We built a distributed, resilient scraping system that extracts court data at scale from the public portals of four Brazilian courts: TJSP (5 million cases), TJBA, TJRJ, and TRF3. Up to 12 parallel headless browser instances query OAB record ranges in parallel, persisting results in real time to SQLite so failures never lose progress. The pipeline also opens individual case pages to extract status, procedural history, rulings, and PDF attachments stored as BLOBs for direct ingestion by the client's AI stack.
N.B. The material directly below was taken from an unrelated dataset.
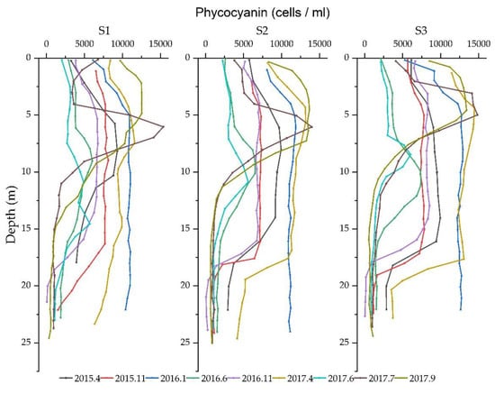 In winter and early spring, the phycocyanin concentration was at its highest level and was largely distributed at water depths of 4 m to 17 m. In January 2016, the phycocyanin concentration first increased, then stabilized. In April 2015, the phycocyanin concentration gradually increased from south to north, with little change in the horizontal direction in the remaining months. The concentration in April 2017 was higher than in April 2015. In summer, stratification stably developed, and compared to spring, the range was narrower. In June 2016 and June 2017, the phycocyanin concentration peaked between a water depth of 10 m to 12 m in the central and northern part of the lake, and stratification was obvious. In July 2017, the phycocyanin concentration increased sharply at water depths ranging from 3 m to 8 m and reached a peak at about 6 m water depth and then suddenly decreased. In September 2017, the phycocyanin concentration decreased sharply after reaching a peak at 5 m to 7 m water depth and was highest at water depths ranging from 0 m to 3 m compared to the other months. In autumn, the concentration increased and remained at a middle level. The stratification maintained a similar trend at different monitoring sites. In November 2015 and 2016, the phycocyanin concentration in the entire lake was relatively high and stable at water depths ranging from 4 m to 16 m water depth, with small vertical changes.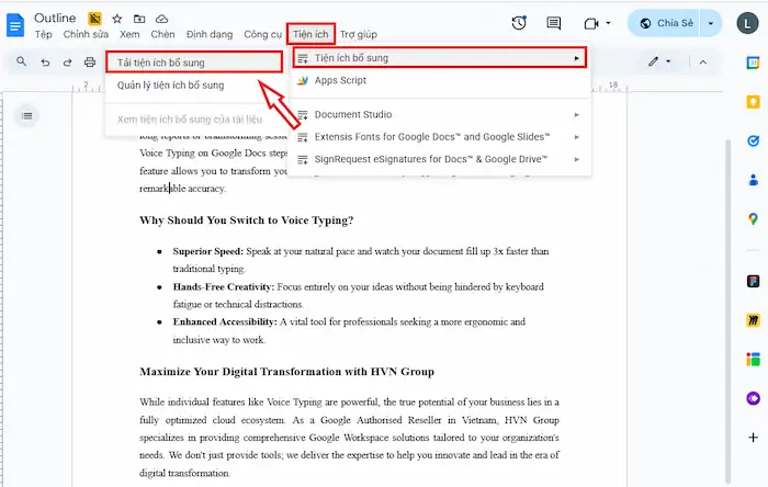 Bạn đang sở hữu một tài liệu dài hàng chục trang bằng tiếng nước ngoài và cảm thấy mệt mỏi khi phải copy-paste từng đoạn nhỏ vào công cụ dịch thuật? Đừng lo lắng, tính năng dịch văn bản bằng Google Docs chính là “chìa khóa” giúp bạn giải quyết vấn đề này chỉ trong vài giây. Trong bài viết này, HVN Group sẽ hướng dẫn chi tiết cách sử dụng tính năng dịch thuật trên Google Docs từ A-Z, giúp bạn xử lý mọi loại tài liệu đa ngôn ngữ một cách chuyên nghiệp nhất.

- 23 million structured court cases across TJSP, TJBA, TJRJ, and TRF3
- Automatic audio CAPTCHA solving without external services
- PDF documents stored for offline and AI pipeline ingestion
- Parallel headless browser farm with real-time SQLite checkpoints
Parallel collection without data loss
The system runs multiple simultaneous threads, each querying different OAB ranges. Results flush to SQLite continuously so a crashed worker or blocked session does not wipe hours of progress.
Audio CAPTCHA cracking with ML
TJRJ uses audio CAPTCHAs — five spoken digits. We built an in-house decoder: amplitude envelope segmentation, MFCC feature extraction per digit, and cosine-similarity classification against a labeled sample bank — no paid third-party CAPTCHA APIs.
Verdict and document extraction
Beyond metadata, crawlers navigate into each case to pull status, procedural history, and attached PDFs (petitions, decisions, sentences), stored as BLOBs in per-case databases for offline querying and AI ingestion.
Four court portals, one pipeline
Each court portal has different HTML flows and defenses. The architecture isolates court-specific adapters while sharing persistence, CAPTCHA, and document-download primitives.